Du choc, les Turcs sont passés à la colère. Le régime a eu beau suspendre durant 24 heures l’utilisation de Twitter, le réseau social le plus utilisé du pays, les critiques pleuvent pour dénoncer l’incurie du pouvoir dans la gestion et l’anticipation de la catastrophe du 6 février dernier. Toujours prompt à invoquer la fatalité pour expliquer les catastrophes – ainsi lors des accidents miniers qui se sont multipliés ces dernières années – le président Erdogan affirme sans ciller qu’« il était impossible d’être prêt face à un pareil désastre. » Quel terrible aveu d’échec et d’incompétence, alors que la Turquie est un pays naturellement exposé aux risques sismiques en raison de la proximité de la faille nord-anatolienne !
A titre de comparaison, le Japon, tout aussi sujet aux catastrophes naturelles, a développé de longue date une politique de construction parasismique particulièrement drastique, dont il a perfectionné les normes au fil des drames humains et naturels. La Turquie a connu une dizaine de séismes depuis celui d’Erzincan en 1939, de magnitude 8,2. Pourtant, il a fallu attendre celui d’Izmit en 1999, qui avait fait plus de 17 000 morts, pour que les normes de construction fassent l’objet d’une révision. A l’époque, le béton utilisé pour la construction était en effet mélangé à du sable marin, qui n’avait pas subi de traitement de désalinisation, rendant ainsi le matériau friable par la corrosion ! De cette catastrophe était alors née une « taxe antisismique », dont les recettes fiscales devaient servir à la construction de bâtiments résistants dans les zones à risque. Cette catastrophe avait aussi précipité la chute du gouvernement de Bülent Ecevit et permis l’arrivée d’Erdogan et de l’AKP au pouvoir. Alors Premier ministre, Erdogan avait promis à la fois de reconstruire le pays et sa fierté. Soucieux que les Anatoliens voient au quotidien l’incarnation de cette promesse, Erdogan s’est lancé dans une politique des grands travaux : ponts, centres commerciaux, aéroports, mosquées, grattes-ciels, ont connu une expansion démesurée en vingt ans. Mais à quel prix ?
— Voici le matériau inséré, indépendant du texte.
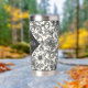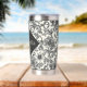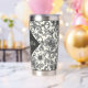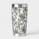 This stylish Monogram William Morris Floral design features a black and cream floral pattern with a diamond initial and name monogram. This beautiful insulated tumbler keeps drinks hot or cold for hours, making it a perfect, personalized gift for women who love Art Nouveau and appreciate elegant, practical accessories for home or travel.
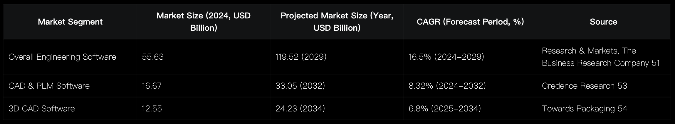 The global engineering software market is experiencing robust growth, driven by pervasive digital transformation initiatives across industries. The market was valued at approximately $55.63 billion in 2024 and is projected to grow to $64.97 billion in 2025, demonstrating a Compound Annual Growth Rate (CAGR) of 16.8%. This rapid expansion is anticipated to continue, with forecasts indicating a market size of $119.52 billion by 2029, maintaining a CAGR of 16.5%.51 Another assessment of the CAD and PLM software market specifically valued it at $16.67 billion in 2024, with projections to reach $33.05 billion by 2032 at an 8.32% CAGR.53 Focusing solely on 3D CAD software, the market size was $12.55 billion in 2024, with a projected growth to $24.23 billion by 2034 at a CAGR of 6.8%.54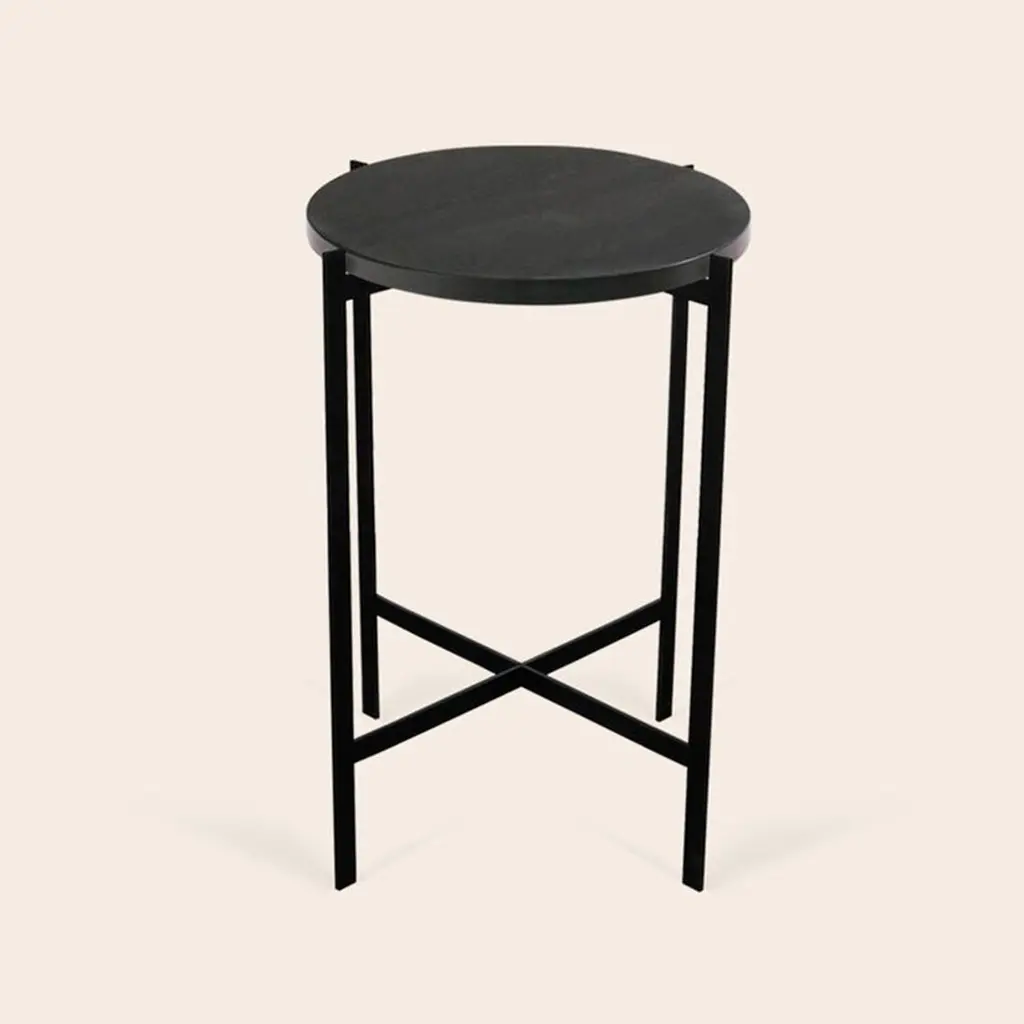 Black slate small deck table by Ox DenmarqDimensions: D 43 x W 43 x H 55 cmMaterials: Steel, slateAlso available: Different top options availableOX DENMARQ is a Danish design brand aspiring to make beautiful handmade furniture, accessories and lighting in natural high-quality materials in fair prices. " When we set out back in 2003, we were primarily working with vegetable-tanned saddle leather thus the name OX was a tribute to our unique leather and the animal providing it.The other half of our name, DENMARQ, is chosen to emphasize that we are a Danish design brand based on the Danish design tradition and that most of our furniture is produced in Denmark. However, DENMARQ not only refers to our home country, but also to the co-founder and designer - DENnis MARQuart.Before finishing his design studies at the Copenhagen Design University, Dennis Marquart did a Blacksmith education. This background is extremely useful when developing and designing products."OX DENMARQ handmade products will only get more beautiful as time passes and natural patina sets in.Many OX products are shaped around marble or vegetable-tanned saddle leather. Stone and leather are materials that will, and should, get marks over time. But they will also age with a very special beauty. When you learn to appreciate the beauty of maturity and of time passing, you have learned to appreciate patina the way it should be appreciated.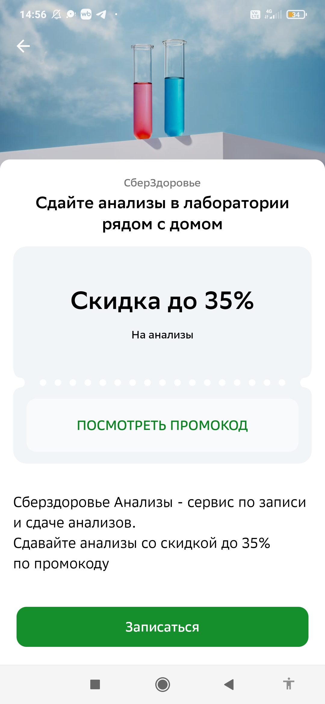 При выборе категории кэшбека в Сбере, увидела что в Сберздоровье акция до конца декабря действует скидка до 35% на анализы по промокоду, который можно найти в личном кабинете.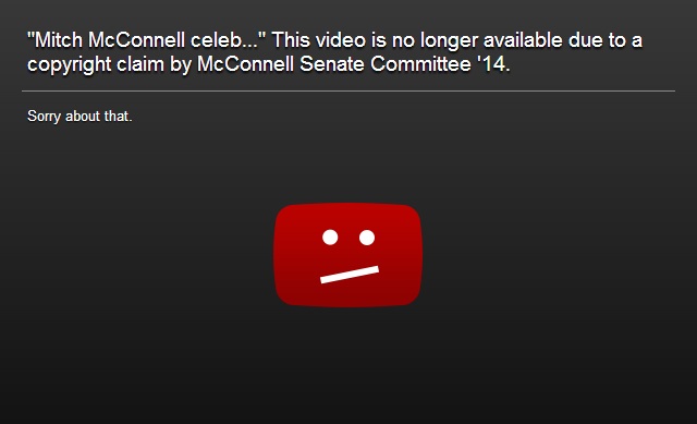 McConnell quickly pulled that ad, but not before Sonka grabbed a copy and preserved it on YouTube. The McConnell campaign then filed a copyright claim, and for a while, Sonka’s clip looked liked this:
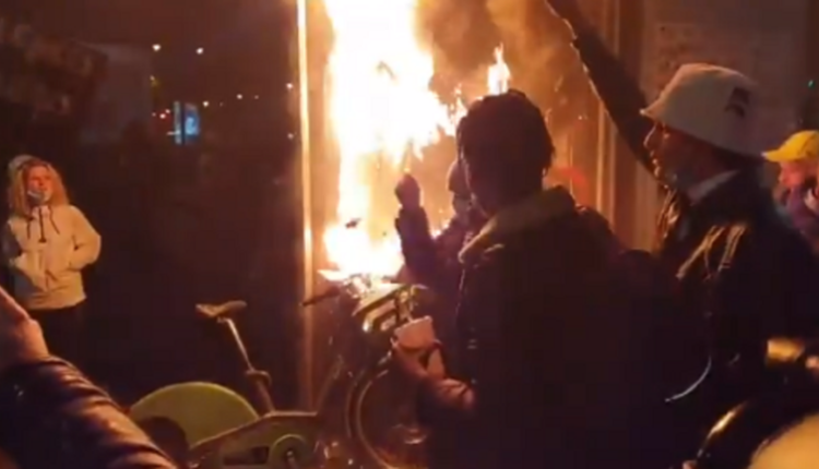 أكدت مواقع التواصل الاجتماعي، أن محتجين أضرموا النيران في بنك وكشك لبيع الصحف والجرائد في العاصمة الفرنسية باريس، فيما اعلن عن إصابة 37 شرطيا نتيجة المواجهات مع المتظاهرين.

L’ampleur de la catastrophe du 6 février 2023 démontre qu’en deux décennies sous l’égide de l’AKP, le népotisme et l’appât du gain ont largement pris la place de l’intérêt général et de la sécurité. Aujourd’hui, l’opposition comme les Turcs dénoncent un détournement évident d’argent public et l’enrichissement de grandes entreprises du BTP, clientèle d’Erdogan, qui n’ont pas respecté les normes antisismiques. En 2018, le gouvernement avait d’ailleurs adopté une loi d’amnistie de zonage, qui permettait à toute propriété construite sans permis ou en violation des permis de construire ou des lois de zonage d’obtenir un certificat de construction et d’éviter la démolition. La crise humanitaire que subit le sud de l’Anatolie est donc en partie causée par la corruption et les négligences.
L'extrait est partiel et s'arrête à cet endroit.